Evaluation Setup, methodology, download of data sets and source code
The data sets come in the form of structured text corpora which we cleaned from markup and tokenized to generate word sequences.
We filtered the word tokens by removing all character sequences which did not contain any letter, digit or common punctuation marks.
Eventually, the word token sequences were split into word sequences of length n which provided the basis for the training and test sets for all algorithms.
Note that we did not perform case-folding nor did we apply stemming algorithms to normalize the word forms.
Also, we did our evaluation using case sensitive training and test data.
Additionally, we kept all tokens for named entities such as names of persons or places.
All data sets have been randomly split into a training and a test set on a sentence level.
The training sets consist of 80% of the sentences, which have been used to derive n-grams, skip n-grams and corresponding continuation counts for values of n between 1 and 5.
Note that we have trained a prediction model for each data set individually.
From the remaining 20% of the sequences we have randomly sampled a separate set of 100,000 sequences of 5 words each.
These test sequences have also been shortened to sequences of length 3, and 4 and provide a basis to conduct our final experiments to evaluate the performance of the different algorithms.
We learnt the generalized language models on the same split of the training corpus as the standard language model using modified Kneser-Ney smoothing and we also used the same set of test sequences for a direct comparison.
To ensure rigour and openness of research you can download the data set for training as well as the test sequences and you can download the entire source code.
We compared the probabilities of our language model implementation (which is a subset of the generalized language model) using KN as well as MKN smoothing with the Kyoto Language Model Toolkit.

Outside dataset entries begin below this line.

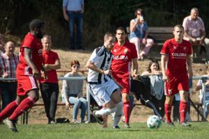 “Das war heute relativ wenig Fußball”, fasste Ehrenbergs Spielertrainer Robert Schorstein mit einer Portion Humor das Spitzenspiel in Hosenfeld zusammen: “Wir haben das Spiel als Kampf angenommen und Hosenfeld gut gestört - das war genau das was wir wollten, Hosenfeld die Schnelligkeit nehmen.“ Von Beginn der Partie an schallten laute Rufe der Ehrenberger Spieler über den Hosenfelder Sportplatz. Eine Selbstmotivation den Gegner Hosenfeld früh anzulaufen und im Spielaufbau zu stören. Diese Taktik funktionierte hervorragend und machte die Hosenfelder Defensive nervös, sodass häufig das lange Holz ausgepackt werden musste.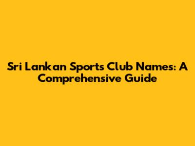 Sri Lankan Sports Club Names: A Comprehensive Guide
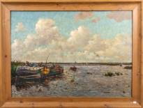 Wouter van Smorenburg (1880-1918), plassengezicht met aangemeerde boten, olieverf op paneel, l.o. gesigneerd -craquelé, paneel licht gebogen-, 60,5 × 84,5 cm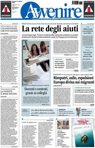 - "La rete degli aiuti" è l'apertura dedicata al piano di interventi a Gaza: "Priorità ad alimenti e sanità, poi l'impegno per la ricostruzione". Spazio anche al reportage di Nello Scavo: "Raid e colonie, in Cisgiordania dove la tensione resta massima". In prima pagina anche la scuola e la condizione degli insegnanti: "Docenti e contenti, grazie ai colleghi". Focus sui migranti: "Rimpatri, asilo, espulsioni: Europa divisa". In prima pagina anche il femminicidio di Pamela Genini: "Un altro femminicidio, un altro allarme a vuoto"

Since we got the same results for small n and small data sets we believe that our implementation is correct.
In a second experiment we have investigated the impact of the size of the training data set.
The wikipedia corpus consists of 1.7 bn. words.
Thus, the 80% split for training consists of 1.3 bn. words.
We have iteratively created smaller training sets by decreasing the split factor by an order of magnitude.
So we created 8% / 92% and 0.8% / 99.2% split, and so on.
We have stopped at the 0.008% / 99.992% split as the training data set in this case consisted of less words than our 100k test sequences which we still randomly sampled from the test data of each split.
Then we trained a generalized language model as well as a standard language model with modified Kneser-Ney smoothing on each of these samples of the training data.
Again we have evaluated these language models on the same random sample of 100,000 sequences as mentioned above.
We have used Perplexity as a standard metric to evaluate our Language Model.
As a baseline for our generalized language model (GLM) we have trained standard language models using modified Kneser-Ney Smoothing (MKN).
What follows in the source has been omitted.